"Well, I never heard the like!" exclaimed Dobbs, lost in wonder. "How can there be a bright side to death?—in a horrid coffin, with brass nails and tin-tacks that screw you down?"

Tears filled Janey's eyes. "Oh, Dobbs, you must learn better than that, or how will you ever be reconciled to death? Don't you know that when we die, we—our spirit, that is, for it is our spirit that lives and thinks—leave our body behind us? There's no more consciousness in our body, and it is put into the grave till the last day. It is like the shell that the silkworm casts away when it comes into the moth: the life is in the moth: not in the cast-off shell. You cannot think what trouble mamma has taken with us always to explain these things; and she has talked to me so much lately."

"And where does the spirit go—by which, I suppose, you mean the soul?" asked Dobbs.

Janey shook her head, to express her ignorance at the best. "It is all a mystery," she said; "but mamma has taught us to believe that there's a place for the departed, and that we shall be there. It is not to be supposed that the soul, a thing of life, could be boxed up in a coffin, Dobbs. When Jesus Christ said to the thief on the cross, 'To-day shalt thou be with me in paradise,' he meant that world. It is a place of light and rest."

"And the good and bad are there together?"

Again Janey shook her head. "Don't you remember, in the parable of the rich man and the beggar, there was a great gulf between them, and Abraham said that it could not be passed? I dare say it will be very peaceful and happy there: quite different from this world, where there's so much trouble and sickness. Why should I be afraid of death, Dobbs?"

Dobbs sat looking at her, and was some minutes before she spoke. "Not afraid to die!" she slowly said. "Well, I should be."

Janey's eyes were wet. "Nobody need be afraid to die when they have learnt to trust in God.
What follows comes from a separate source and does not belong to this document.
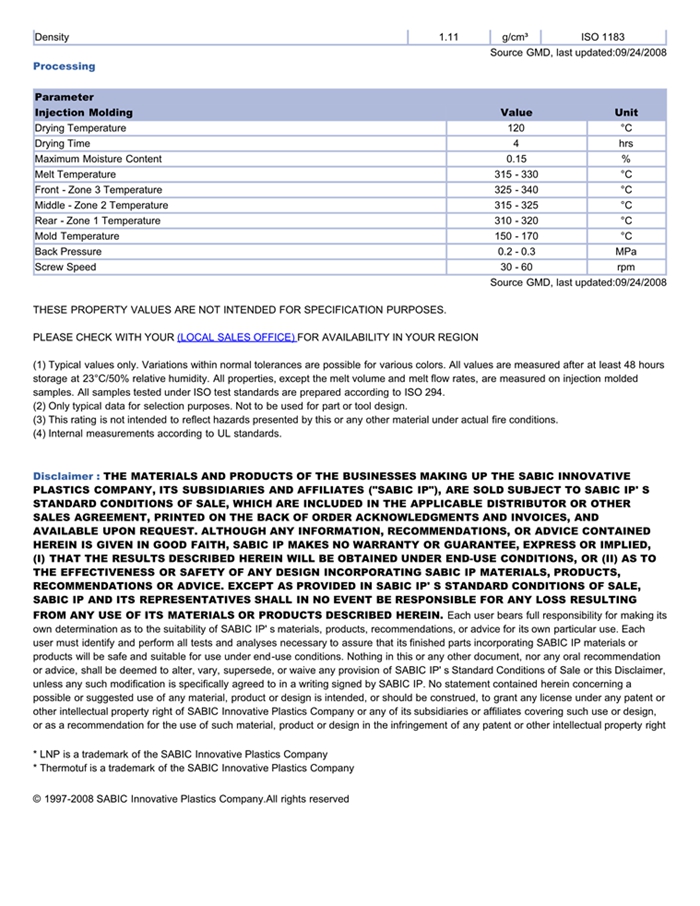 深圳LNP THERMOTUF U1000AIS物性表

Don't you know," she answered with something like enthusiasm, "that many people, when dying, have seen Jesus waiting for them? What does it matter, then, where our bodies are put? We are going to be with Jesus. Indeed, Dobbs, there's nothing sad in dying, if you only can look at it in the right way. It is those who look at it in the wrong way that are afraid to die."
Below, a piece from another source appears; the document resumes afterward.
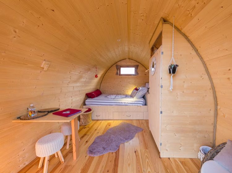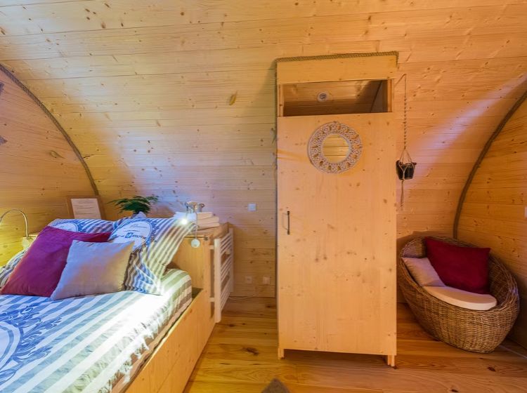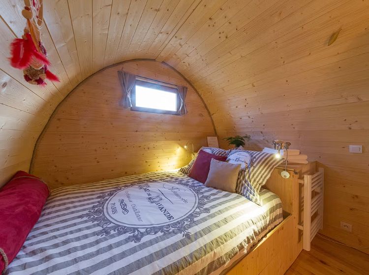 Hébergement insolite fait main, en bois, inspiré des cabanes de bergers anglaises. Ce petit cocon de 12 m² possède un lit double, des toilettes sèches, une terrasse privée et un bloc sanitaire privatif à proximité. Immersion nature garantie !

"The child's as learned as a minister!" was Dobbs's inward comment. "Ours told us last Sunday evening at Chapel that we were all on the high road to perdition. I'd rather listen to her creed than to his: it sounds more encouraging. Their ma hasn't brought 'em up amiss; and that's the truth!"

The soliloquy was interrupted by the return of Mrs. Halliburton. Almost immediately afterwards some visitors came in—Mary Ashley and Anna Lynn. It was the first time Mary had been there, and she had come to bring Janey some more books. She was one of those graceful children whom it is pleasant to look at. A contrast in attire she presented to the little Quakeress, with her silk dress, her straw hat, trimmed with a wreath of flowers and white ribbons, her dark curls falling beneath it. She was much younger than her brother Henry; but there was a great resemblance between them—in the refined features, the bright complexion, and the soft dark eyes. Somehow, through a remark made by Dobbs, the conversation turned upon Jane's inability to recover; and Mary Ashley heard with extreme wonder that death was not dreaded. "Her ma has taught her different," was Dobbs's comment.